DATA SECTION
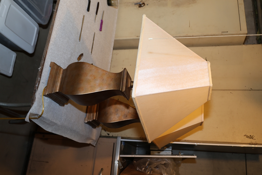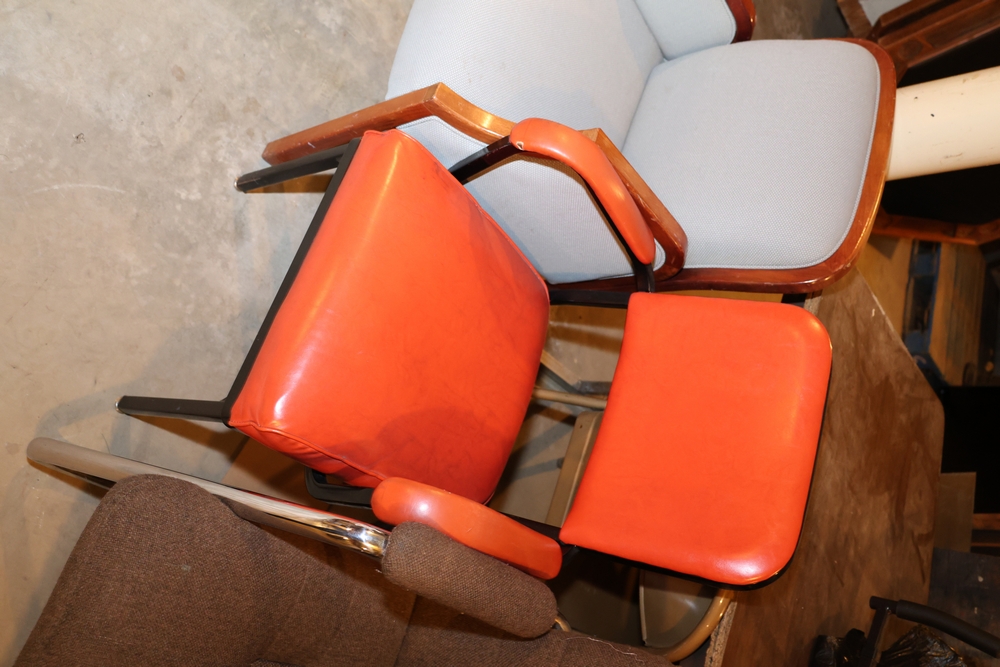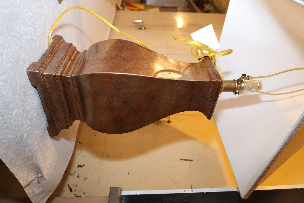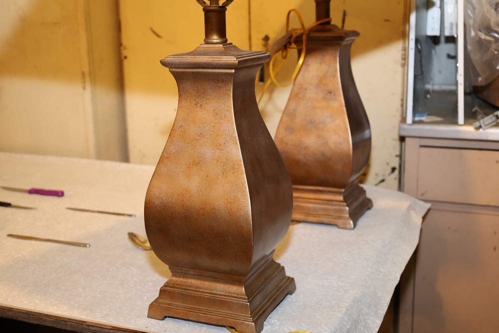 Assorted Chairs (3),Random old chairs, sturdy chairs in decent condition; Table Lamps (2), Bronze colored lamps with beige lampshades.
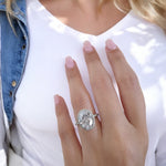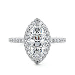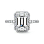 This setting showcases a sophisticated design featuring pave-set diamonds along half of the band, leading to an accentuated under gallery beneath the center stone. The center stone is further enhanced by a double diamond halo, which adds a layer of brilliance and opulence, resulting in a striking and luxurious piece of jewelry.
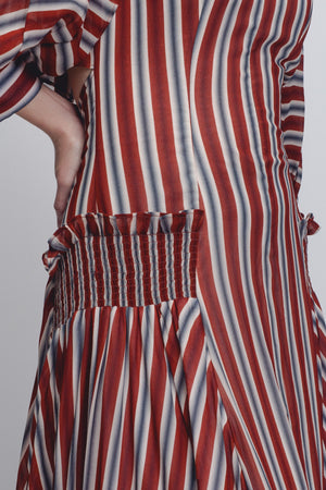 • A classic midi dress with a sensual undertone, crafted in striped georgette that lends the garment a light, fluid movement and effortless drape. The silhouette is refined yet striking, featuring a half-front concealed zipper opening and a structured collar that balances softness with precision. At the back, an open detail reveals a subtle glimpse of skin, adding quiet allure to the otherwise timeless form. The model is 5'10", and the garment length is 55 inches.

TASK TO COMPLETE
Return the listing verbatim, pictures excluded.

WRITTEN SOLUTION
 Assorted Chairs (3),Random old chairs, sturdy chairs in decent condition; Table Lamps (2), Bronze colored lamps with beige lampshades.
 This setting showcases a sophisticated design featuring pave-set diamonds along half of the band, leading to an accentuated under gallery beneath the center stone. The center stone is further enhanced by a double diamond halo, which adds a layer of brilliance and opulence, resulting in a striking and luxurious piece of jewelry.
 • A classic midi dress with a sensual undertone, crafted in striped georgette that lends the garment a light, fluid movement and effortless drape. The silhouette is refined yet striking, featuring a half-front concealed zipper opening and a structured collar that balances softness with precision. At the back, an open detail reveals a subtle glimpse of skin, adding quiet allure to the otherwise timeless form. The model is 5'10", and the garment length is 55 inches.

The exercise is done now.